If lewd conduct were completely illegal, you could not excrete or have sex withing the city limits. Now we have to turn to the definition of "public place":
an area generally visible to public view, and includes streets,
sidewalks, bridges, alleys, plazas, parks, driveways, parking lots,
automobiles (whether moving or not), buildings open to the general
public, including those which serve food or drink or provide
entertainment and the doorways and entrances to buildings or dwellings
and the grounds enclosing them, and businesses contained in structures
which can serve customers who remain in their vehicles, by means of a
Focusing not on the probable intent but on the words, it is primarily defined as "an area generally visible to public view". Your house qua building is probably generally visible to public view, as is a public toilet or hotel. The inside of your bedroom is probably not generally visible to public view, nor is the inside of a toilet stall. While the building is probably a public place, a closed stall within the building does not meet the definition (nor does a hotel room). It might however qualify under the clause "or under circumstances where such act is likely to be observed by any member of the public". The statute does not give a definition of "observe", but under ordinary language interpretation, observation may be seeing or hearing. Silent sex, masturbation or defecation might not qualify as being public.
Obviously, excretion in a stall of a public bathroom cannot be a lewd act, presumably because the average person does not generally consider ordinary excretion as appealing to the prurient interest: but there could be contexts where it does.
Another avenue for prosecution is the Indecent Exposure state law which is when one
intentionally makes any open and obscene exposure of his or her person
or the person of another knowing that such conduct is likely to cause
reasonable affront or alarm.
It is totally non-obvious that sex or masturbation in a toilet stall is "open". There is a slippery slope regarding quiet sex or masturbation w.r.t. knowing that the conduct is likely to cause reasonable affront or alarm.
Because the contexts where sex and masturbation are not clearly spelled out by statutory law, the matter would depend on how courts had interpreted previous cases.
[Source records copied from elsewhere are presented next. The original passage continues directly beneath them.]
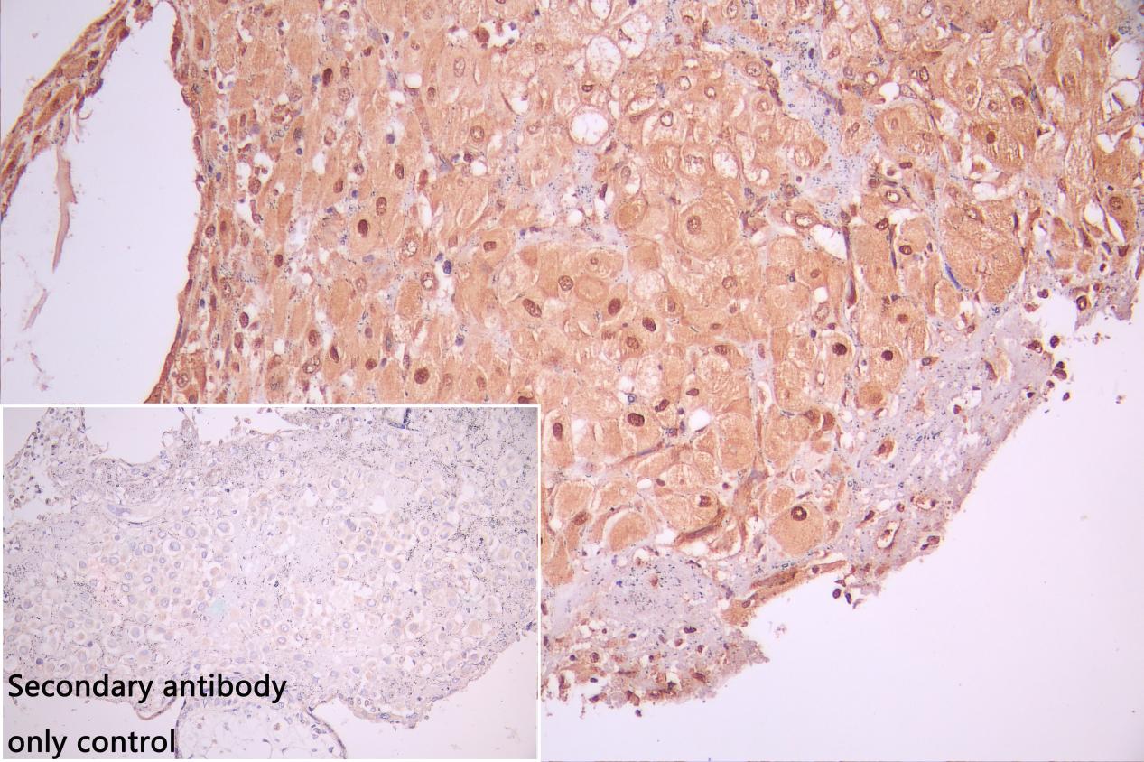 IHC image of CSB-PA757785LA01HU diluted at 1:50 and staining in paraffin-embedded human glioma cancer performed on a Leica BondTM system. After dewaxing and hydration, antigen retrieval was mediated by high pressure in a citrate buffer (pH 6.0). Section was blocked with 10% normal goat serum 30min at RT. Then primary antibody (1% BSA) was incubated at 4°C overnight. The primary is detected by a Goat anti-rabbit polymer IgG labeled by HRP and visualized using 0.05% DAB. Secondary antibody only control: uses 1% BSA instead of primary antibody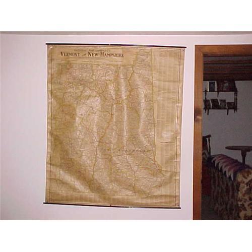 Wall Map , Vermont and New Hampshire, 40" wide X 47" long, edition No. 1118 , scale of miles , 1 1/4= 5 miles, showing counties- Townships-cities, villages--P.O. --steam and electric railroads; published by National Map Co. Home Office 32-34 E. Georgia, iNDIANAPPLIS, iND.--Eastern Office--119 Nassau St. ,; NY,NY, condition-good but used, very readable, metal top and bottom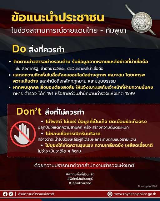 #ไทยกัมพูชา สิ่งที่ควรทำ ( Do ) 1. ให้ประชาชนติดตามข่าวสารอย่างรอบด้าน รับข้อมูลจากหลายแหล่งข่าวที่น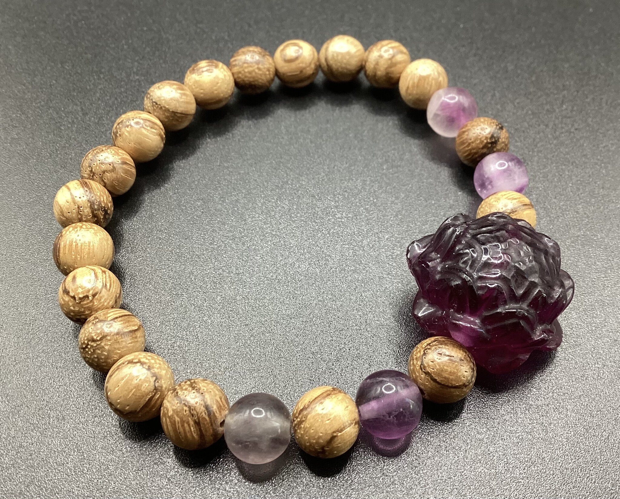 Bracelet bois agar et fluorite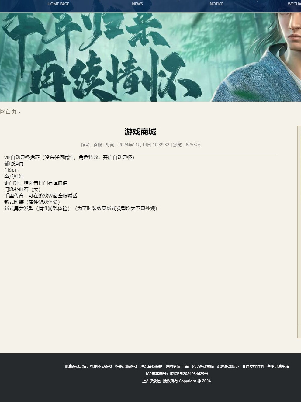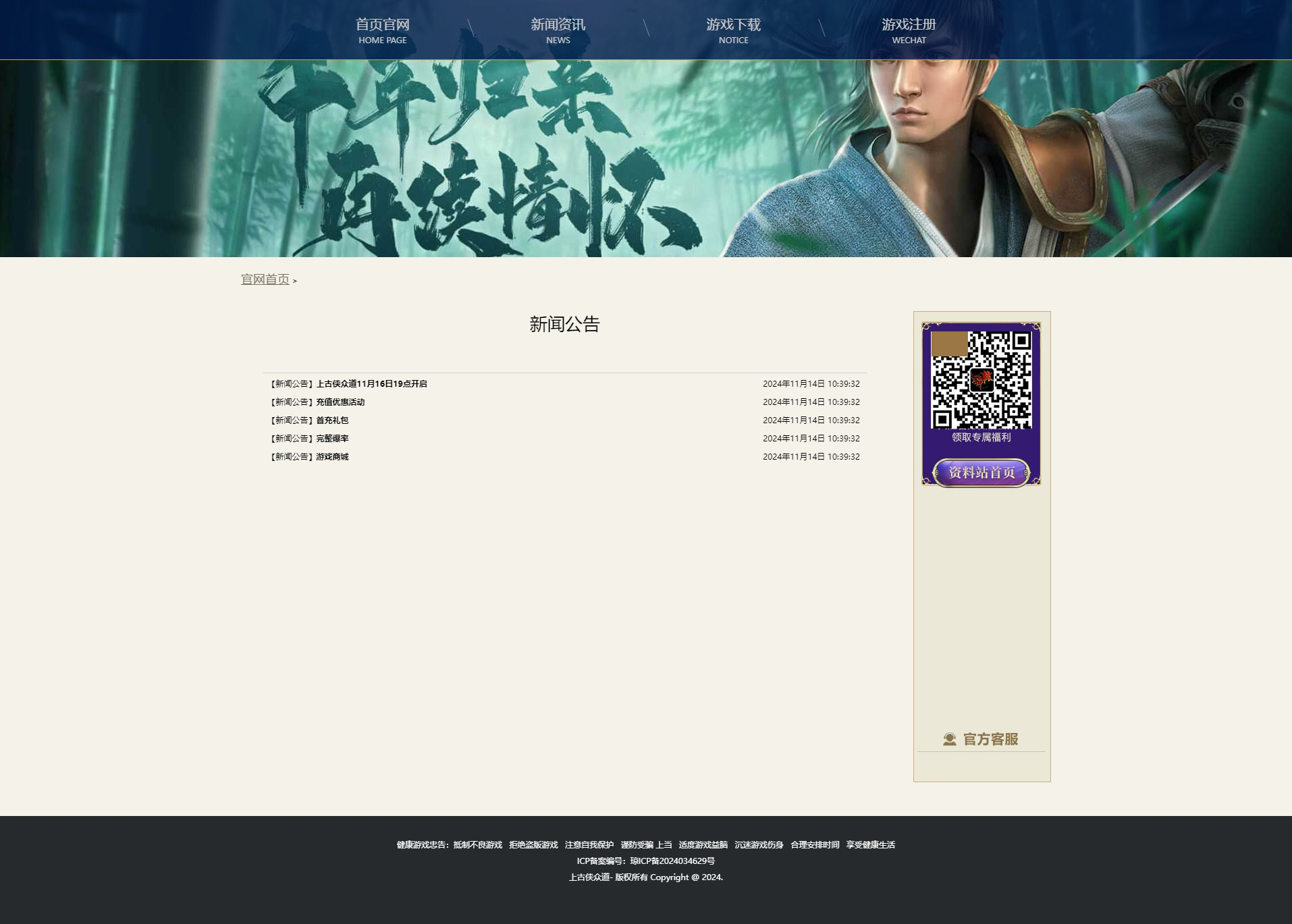 上古侠众道千年网站 游戏网站模板ASP源码后台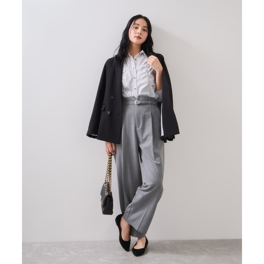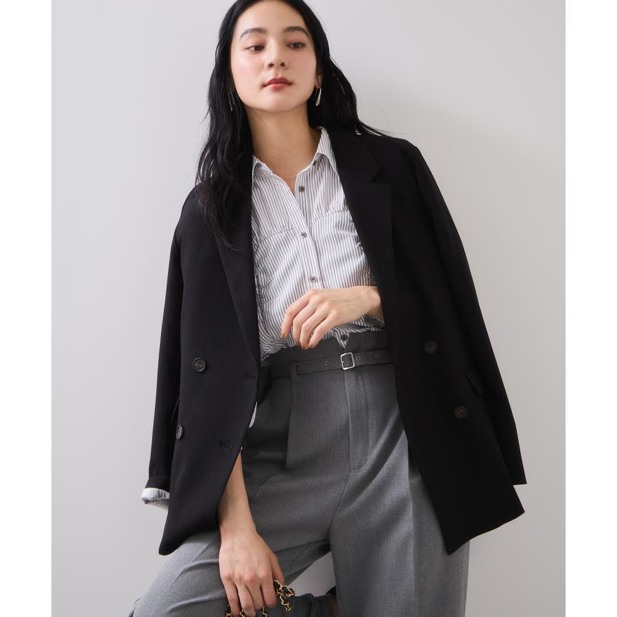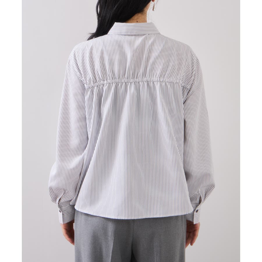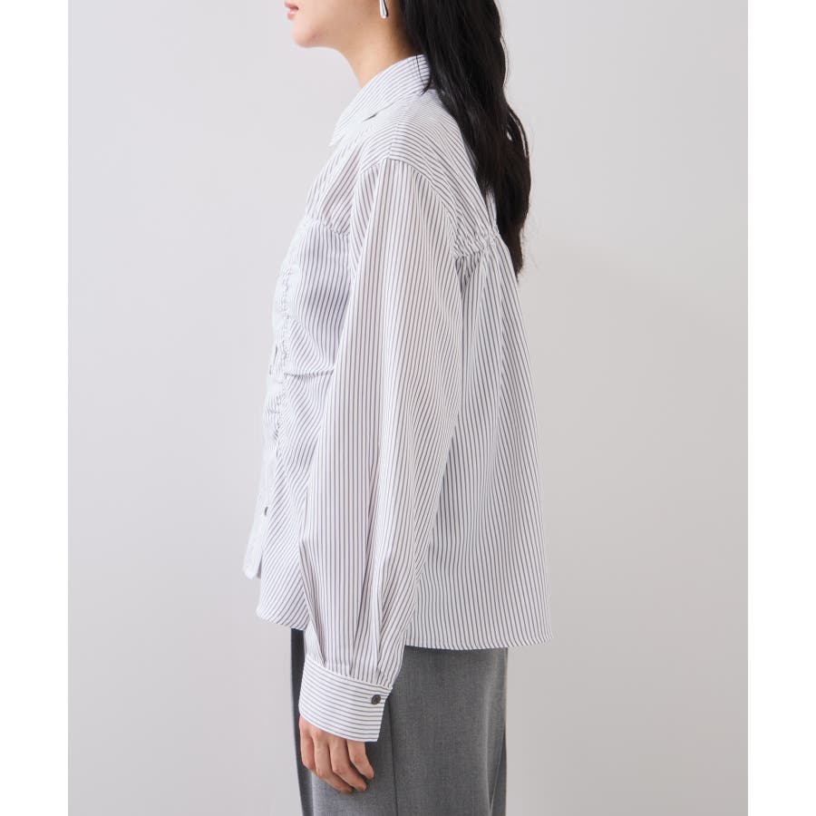 バックのゴムギャザーは程よくシェイプしながらもコンパクトめなシルエット。フロントを閉めて決まるデザインですが開けて羽織としても◎。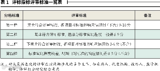 每个具体评价指标需依据评价标准分档进行评审打分,评价指标体系中的评价标准是最理想状态的标准,具体评审打分档次设计见表1。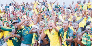 Yanga fans cheer during a recent Vodacom Premier League match. The reigning champions beat Toto Africans 2-1 at Kirumba Stadium yesterday to go seven points clear at the top of the table. PHOTO|FILE
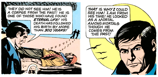 The only real analogues to the “Barnabas adventure” story on the show were his trips to 1897, Parallel Time and 1840, which were treated like exotic locations even though they were located in exactly the same house. That idea was picked up in the comics, which sent Barnabas hurtling into the past and the future of Collinwood, but they also used more exotic locales, as we’ll see today.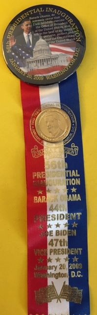 Title (ebay affiliate link): January 20, 2009 Obama Inaugural Pin, Ribbon and "Coin."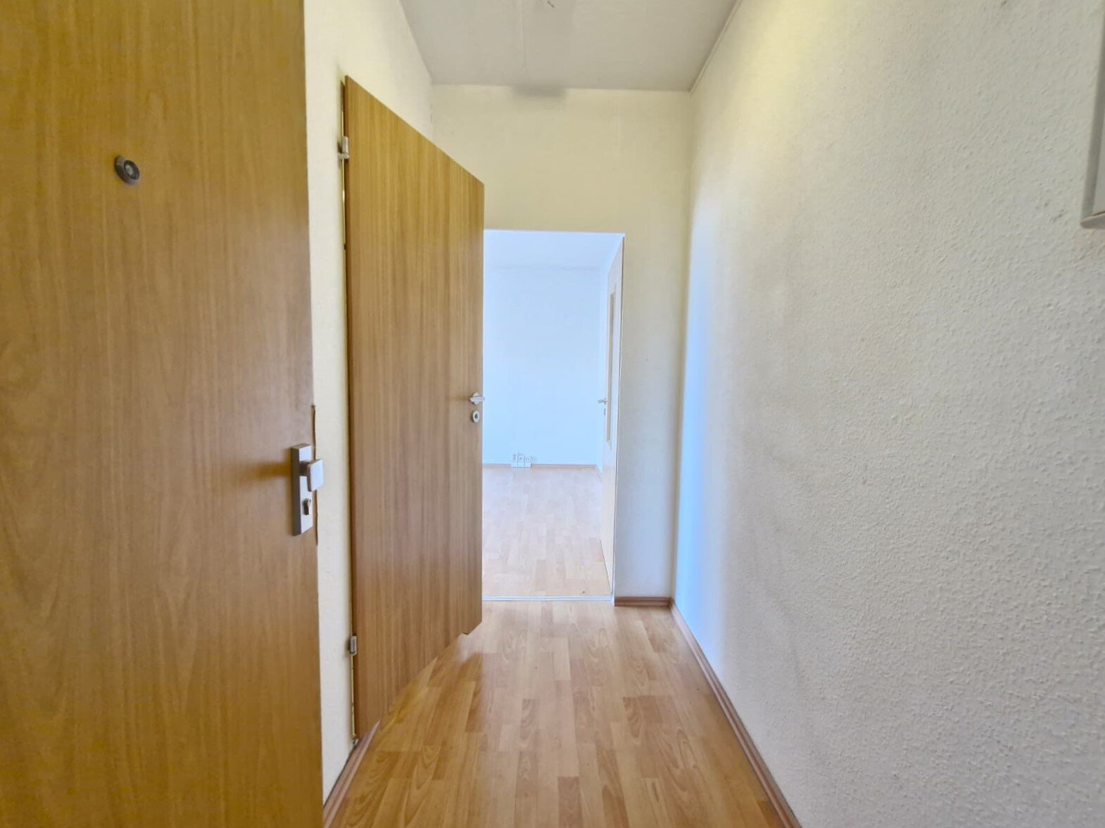 - Laminat- Bodenbelag und Raufasertapete in den Wohnräumen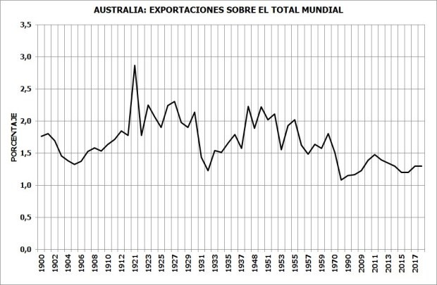 A modo de ejemplo podemos ver el caso de Australia que actualmente exporta el 1,3% de las exportaciones mundiales y en el pasado tuvo una participación entre el 1,5 y el 2 por ciento en promedio. Con Canadá ocurre algo parecido, a principios del siglo XX exportaba el 2,5% del total mundial y actualmente tiene el mismo nivel.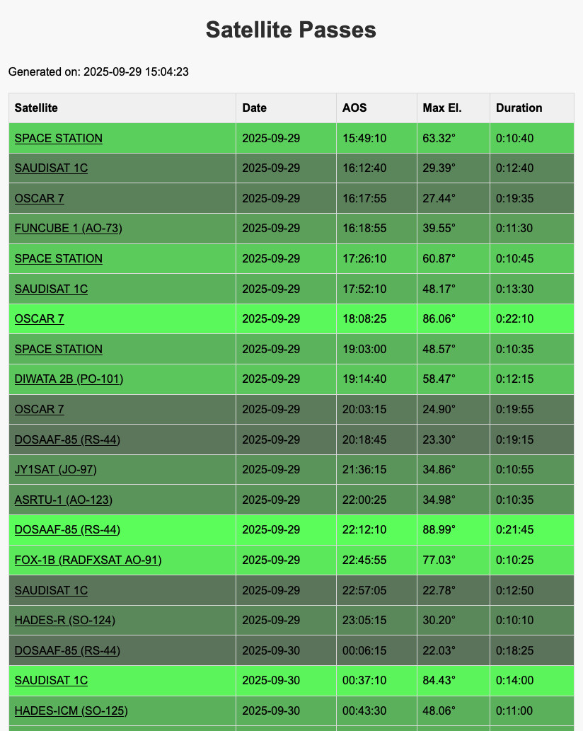 Posted on 2025-09-18 by DK1MIsatpasses is a simple Python script that pulls satellite information on your favorite SATs from N2YO.com via their API to build an even simpler static HTML page listing all satellite passes over a user definable location for the next n days. Each row of the generated table has a different shade of green depending on the max elevation of the corresponding pass. A higher maximum elevation results in a brighter green.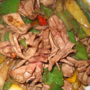 腰子切花,泡去血水。泡椒泡姜少许,青椒切块
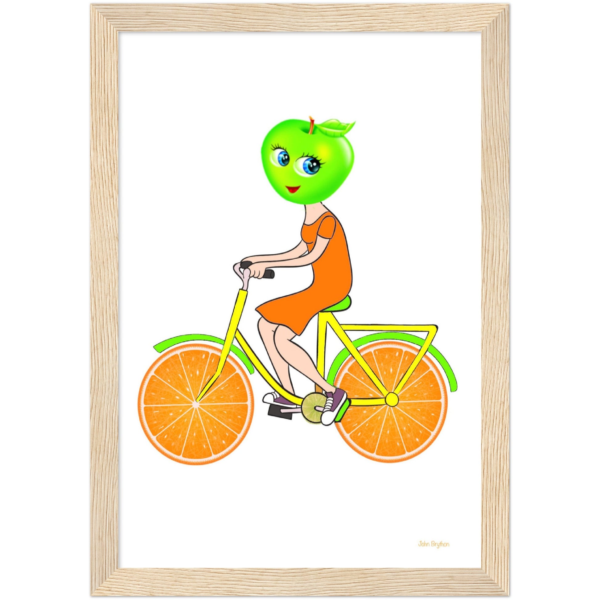 Framed print of an apple car on a fruit bike.

There have been arrests in Washington of people having bathroom sex, but I don't know if anyone has ever or recently-enough been convicted for having quiet sex out of view in a toilet stall, or similar place. There is a potentially applicable case, Seattle v. Johnson, 58 Wn. App. 64, which seems to involve public sex, and the conviction was overturned because the complaint was defective, in not including the element "that the defendant must know 'that such conduct is likely to cause reasonable affront or alarm'". It is not clear from the appeal what the act actually was – it probably was for public nudity. There is also an decision by the state appeal court division 3 (not publicly available) in Spokane v. Ismail which, in connection with a charge of public urination declares that "A toilet stall is not a public place. The center of Riverfront Park during the lunch hour is a public place", in connection with an ordinance just like the Everett one against public lewd acts.